Research Methods and Experiments
The researchers established GDH1-knockdown and GDH1-overexpression GBM cell lines to evaluate changes in proliferation, tumor formation, and glycolytic activity. RNA-seq identified GDH1-regulated signaling pathways, while ChIP and dual-luciferase assays confirmed histone modification dynamics at the PDPK1 promoter. Metabolite levels of α-KG and succinate were quantified using detection kits, and extracellular acidification rate (ECAR) measurements assessed glycolytic capacity via Seahorse XF analysis. In vivo, stable GBM cells expressing shNT, shGDH1, or KDM6A knockdown were intracranially injected into nude mice to monitor tumor growth and survival. The KDM6A inhibitor GSK-J4 was employed to evaluate its impact on GDH1-mediated pathway activation.
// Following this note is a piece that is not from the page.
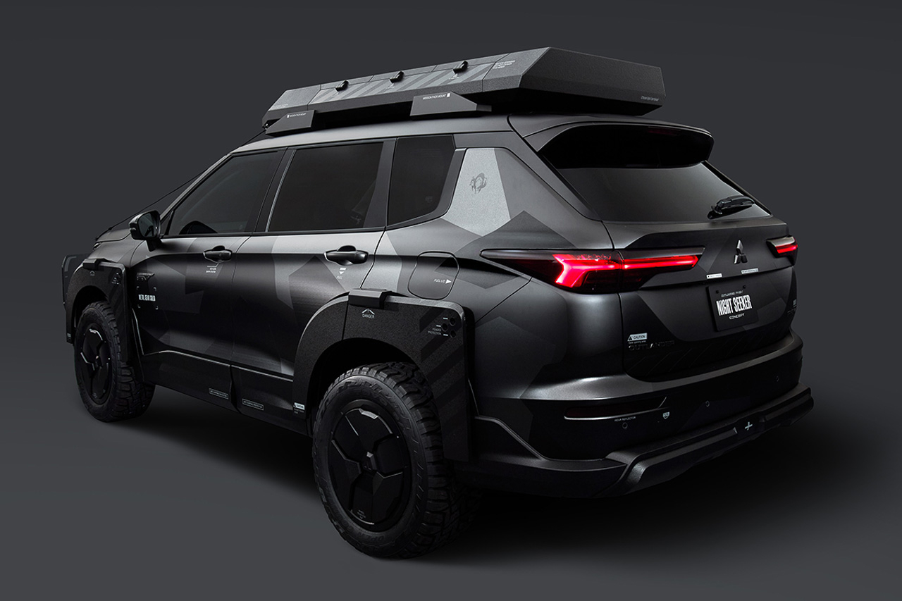 One of those is the Outlander PHEV Night Seeker Concept, which features an exterior design inspired by Metal Gear Solid. Based on the recently updated plug-in hybrid crossover, the Night Seeker Concept features a custom body kit, blacked-out alloy wheels wrapped in all-terrain tires, flared wheel arches, and a custom roof rack that could practically carry any type of equipment.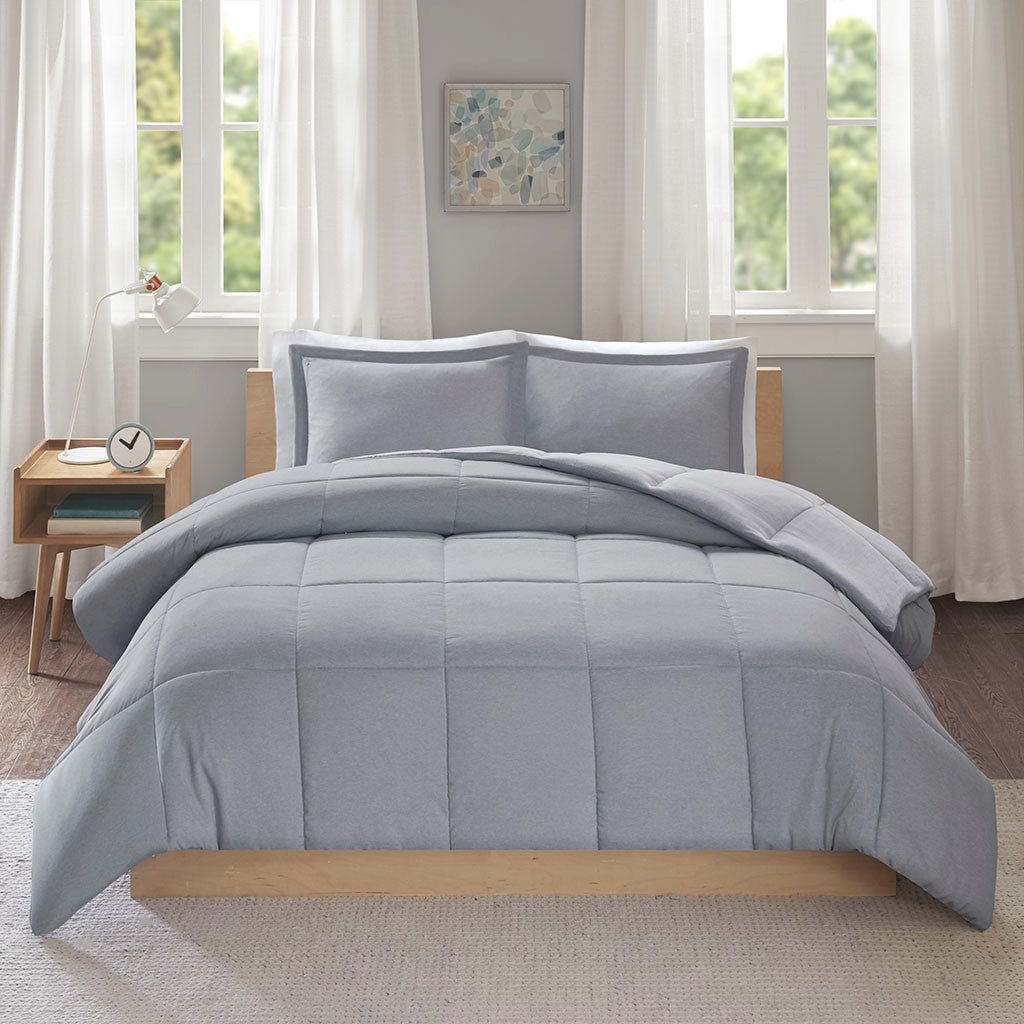 Get cozy and comfortable with the Intelligent Design Carson Reversible Plush to Heathered Microfiber Comforter Set. The face of the reversible comforter flaunts heathered yarn-dyed microfiber fabric in a rich grey hue that reverses to a frosted print plush, for an ultra-soft look and feel. Matching reversible sham(s) mirror the styling of the comforter and feature zipper closures, while an all-over box quilting on the plush comforter prevents the hypoallergenic down alternative filling from shifting. This down alternative comforter set is machine washable for easy care and is OEKO-TEX certified, meaning it does not contain any harmful substances or chemicals to ensure quality comfort and wellness. Set includes: 1 comforter and 2 shams (1 sham for Twin sizes). Items in the set may come in a rolled or compressed packaging, which will need to be fluffed up or steam ironed before use to remove wrinkles.

Key Conclusions and Perspectives

• GDH1-mediated glutaminolysis is essential for GBM cell proliferation and brain tumor development under high-glucose conditions, requiring its dehydrogenase activity
• GDH1 enhances EGFR-AKT/mTOR signaling by catalyzing glutamine to α-KG, reducing H3K27me3 levels, and activating PDPK1 transcription
• Signal pathway activation depends on histone demethylase KDM6A, with GDH1 and KDM6A cooperatively regulating H3K27me3 modifications
• Under high glucose, GDH1 upregulates HK2 expression through KDM6A-dependent mechanisms, driving glycolytic reprogramming
• KDM6A deletion significantly attenuates GDH1-induced activation of EGFR-AKT signaling and HK2 expression
• GDH1 deletion-induced signaling inhibition and metabolic alterations can be reversed by α-KG supplementation or wild-type GDH1 restoration, but not by the GDH1 R496S mutant
• This study uncovers a previously unknown feedback mechanism where glutaminolysis activates EGFR/AKT signaling and reprograms GBM metabolism, providing a foundation for metabolic-epigenetic combinatorial therapies

Research Significance and Prospects
The study establishes a paradigm-shifting role for glutaminolysis in GBM progression under high-glucose conditions, while elucidating its interplay with the EGFR-AKT signaling axis and histone modifications. Future work should explore GDH1 and KDM6A as synergistic therapeutic targets, develop small-molecule inhibitors that block both glutaminolysis and histone demethylation, and investigate whether this mechanism occurs in other cancers or correlates with IDH mutation status.

 

 

Conclusion
This study defines a novel role for glutaminolysis in GBM metabolism and signaling. GDH1 catalyzes glutamine conversion to α-KG, reduces H3K27me3 levels, and activates PDPK1 transcription to enhance EGFR-AKT/mTOR signaling. Concurrently, GDH1 collaborates with KDM6A to upregulate HK2 and drive glycolytic reprogramming. These findings expand the functional understanding of glutaminolysis in cancer metabolism and provide mechanistic evidence supporting therapeutic targeting of GDH1 or KDM6A. Future strategies may combine metabolic and epigenetic inhibitors for improved GBM interventions.

 

Rui Yang, Guanghui Zhang, Zhen Meng, Shanshan Wang, and Hongjuan Cui. Glutamate dehydrogenase 1-catalytic glutaminolysis feedback activates EGFR/PI3K/AKT pathway and reprograms glioblastoma metabolism. Neuro-Oncology.